Comment 1 for bug 1917813

Revision history for this message
In , dsmythies (dsmythies-linux-kernel-bugs) wrote :

Created attachment 294171
Graph of load sweep up and down at 347 Hertz.

Consider a steady state periodic single threaded workflow, with a work/sleep frequency of 347 Hertz and a load somewhere in the ~75% range at the steady state operating point.
For the intel-cpufreq CPU frequency scaling driver and powersave governor and hwp disabled, it goes indefinitely without any issues.
For the acpi-cpufreq CPU frequency scaling driver and ondemand governor, it goes indefinitely without any issues.
For the intel-cpufreq CPU frequency scaling driver and powersave governor and hwp enabled, it suffers from overruns.

Why?

For unknown reasons, HWP seems to incorrectly decide that the processor is idle and spins the PLL down to a very low frequency. Upon exit from the sleep portion of the periodic workflow it takes a very long time (on the order of 20 milliseconds (supporting data for that statement will added in a later posting)), resulting in the periodic job no being able to complete its work before the next interval, whereas it normally has plenty of time to do its work. Actually, typical worst case overruns are around 12 milliseconds, or several work/sleep periods (i.e. it takes a very long time to catch up.)

The probability of this occurring is about 3%, but varies significantly. Obviously, the recovery time is also a function of EPP, but mostly this work has been done with the default EPP of 128. I believe this to be a sampling and anti-aliasing issue, but can not prove it because HWP is black box. My best GUESS is:

If the periodic load is busy on a jiffy boundary, such that the tick is on.
Then if it is sleeping at the next jiffy boundary, with a pending wake such that idle state 2 was used.
  Then if the rest of the system was idle such that HWP decides to spin down the PLL.
    Then it is highly probable that upon that idle state 2 exit, the PLL is too slow to ramp up and the task will overrun as a result.
Else everything will be fine.

For a 1000 Hz kernel the above suggests that a work/sleep frequency of 500 Hz should behave in a binary way, either lots of overruns or none. It does.
For a 1000 Hz kernel the above suggests that a work/sleep frequency of 333.333 Hz should behave in a binary way, either lots of overruns or none. It does.
Note: in all cases the sleep time has to be within the window of opportunity.

Now, actually I can not prove if the idle state 2 part is a cause or consequence, but it never happens with it disabled, but at the cost of significant power.

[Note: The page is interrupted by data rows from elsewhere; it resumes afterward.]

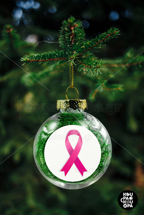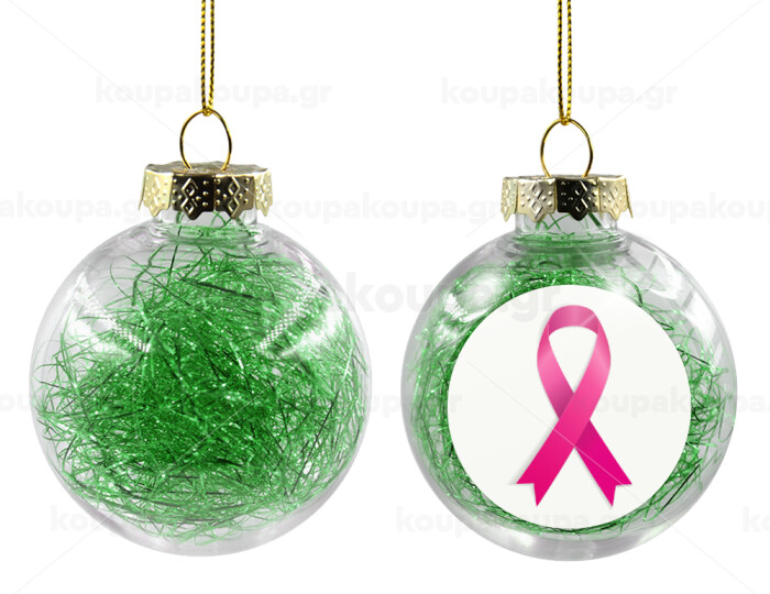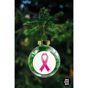 World cancer day, Transparent Christmas tree ball ornament with green filling 8cm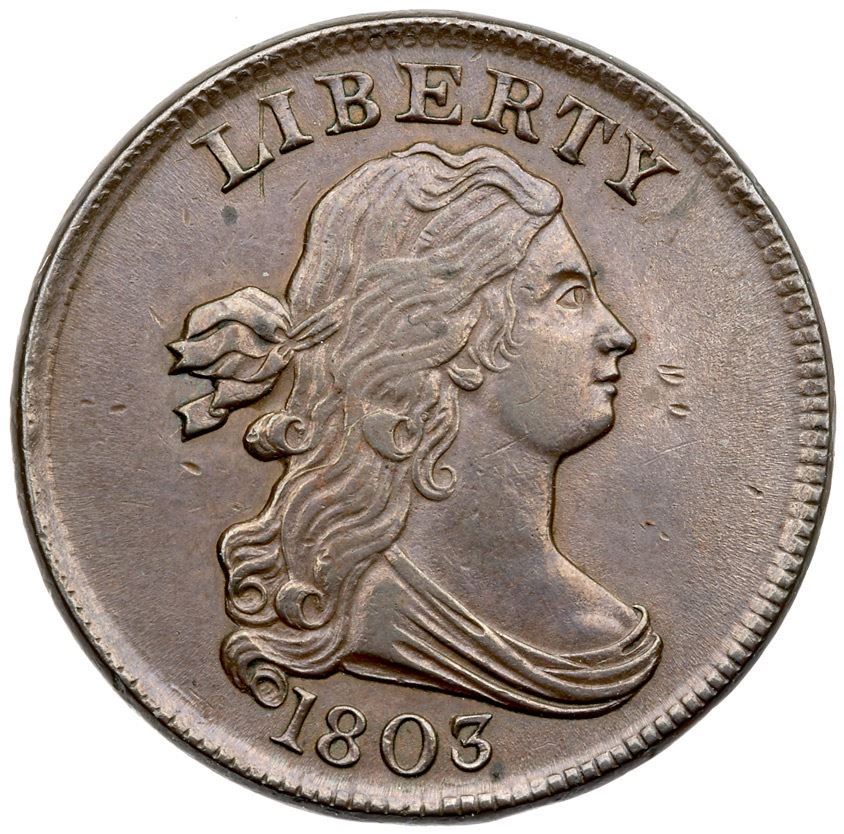 Slightly sharper with three tiny ticks in the field before the mouth. Very lightly cleaned. Frosty medium steel brown. EDS, Manley state 1.0. Sharp and attractive. Ex Executive Coin-Raymond Gatzke, Goldbergs 6/2021:19 (lot ticket included)
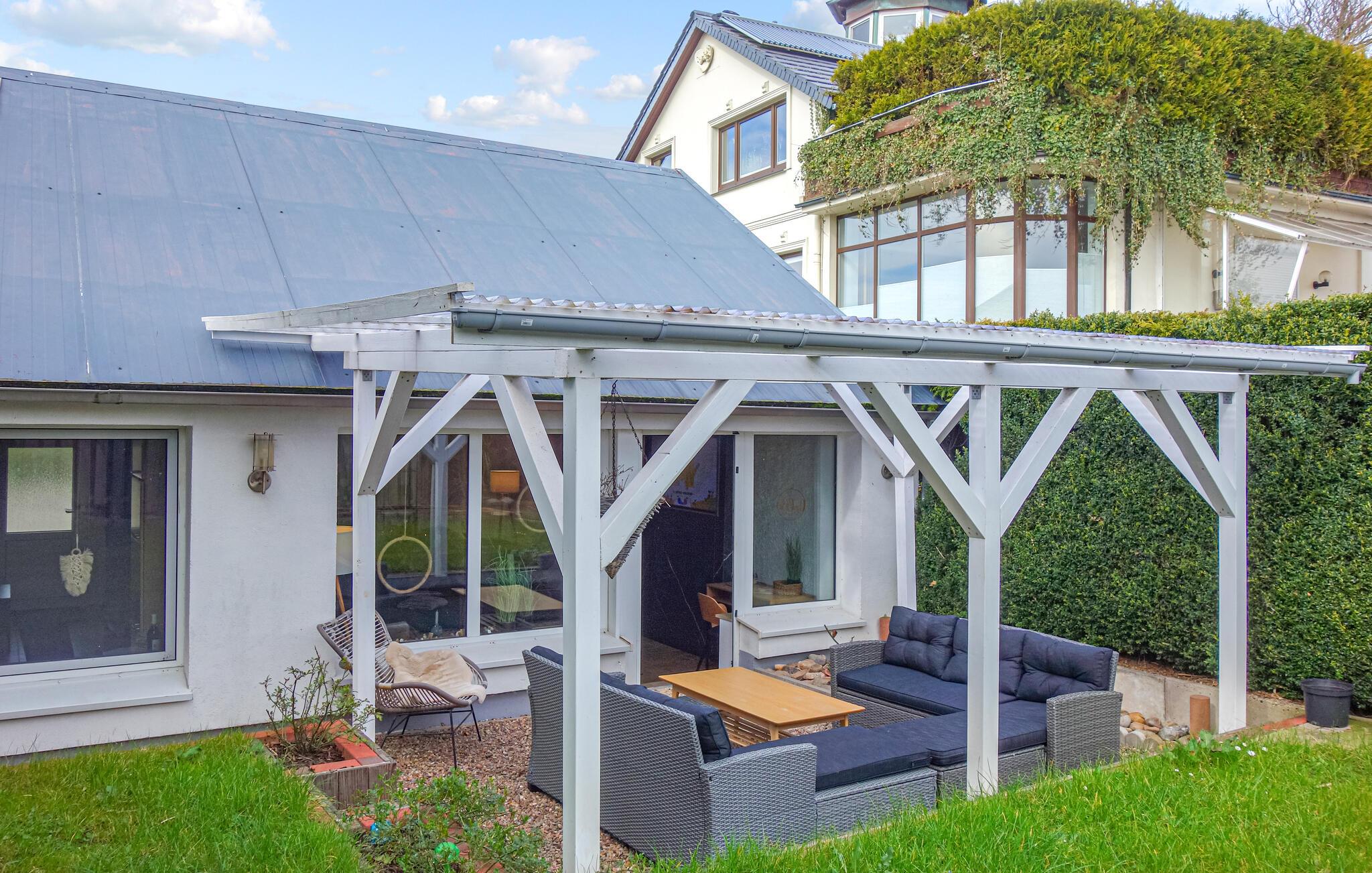 Nicht nur das Haus hat seine Vorzüge, sondern auch die überdachte Terrasse sowie der Garten. Verbringen Sie hier gesellige Stunden und quatschen bis in die späten Abendstunden.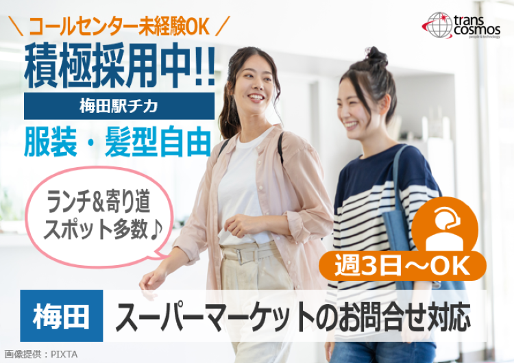 週3日~OK|服装・髪型自由|未経験OK◎スーパーマーケットに関するお問い合わせ対応【梅田】

Another way this issue would manifest itself is as seeming to be an extraordinary idle exit latency, but would be rather difficult to isolate as the cause.

processors tested:
Intel(R) Core(TM) i5-9600K CPU @ 3.70GHz (mine)
Intel(R) Core(TM) i5-6200U CPU @ 2.30GHz (not mine)

HWP has been around for years, why am I just reporting this now?

I never owned an HWP capable processor before. My older i7-2600K based test computer was getting a little old, so I built a new test computer. I noticed this issue the same day I first enabled HWP. That was months ago (notice the dates on the graphs that will eventually be added to this), and I tried, repeatedly, to get help from Intel via the linux-pm e-mail list.

Now, given the above system response issue, a new test was developed to focus specifically on this issue, dubbed the "Inverse Impulse Response" test. It examines in great detail the CPU frequency rise time after a brief, less than 1 millisecond, gap in an otherwise continuous workflow. I'll attach graphs and details in subsequent postings to this bug report.

While I believe this is an issue entirely within HWP, I have not been able to prove that there was nothing sent from the kernel somehow telling HWP to spin down.

Notes:

CPU affinity does not need to be forced, but sometimes is for data acquisition.

1000 hertz kernels were tested back to kernel 5.2, all failed.

Kernel 5.10-rc7 (I have yet to compile 5.10) also fails.

A 250 hertz kernel was tested, and it did not have this issue in this area. Perhaps elsewhere, I didn't look.

Both teo and menu idle governors were tested, and while both suffer from the unexpected CPU frequency drop, teo seems much worse. However failure points for both governors are repeatable.

The test computers were always checked for any throttling log sticky bits, and regardless were never anywhere even close to throttling.

Note, however that every HWP capable computer I was to acquire data from has at least one of those sticky bits set after boot, so they need to be reset before any test that might want to examine them afterwards.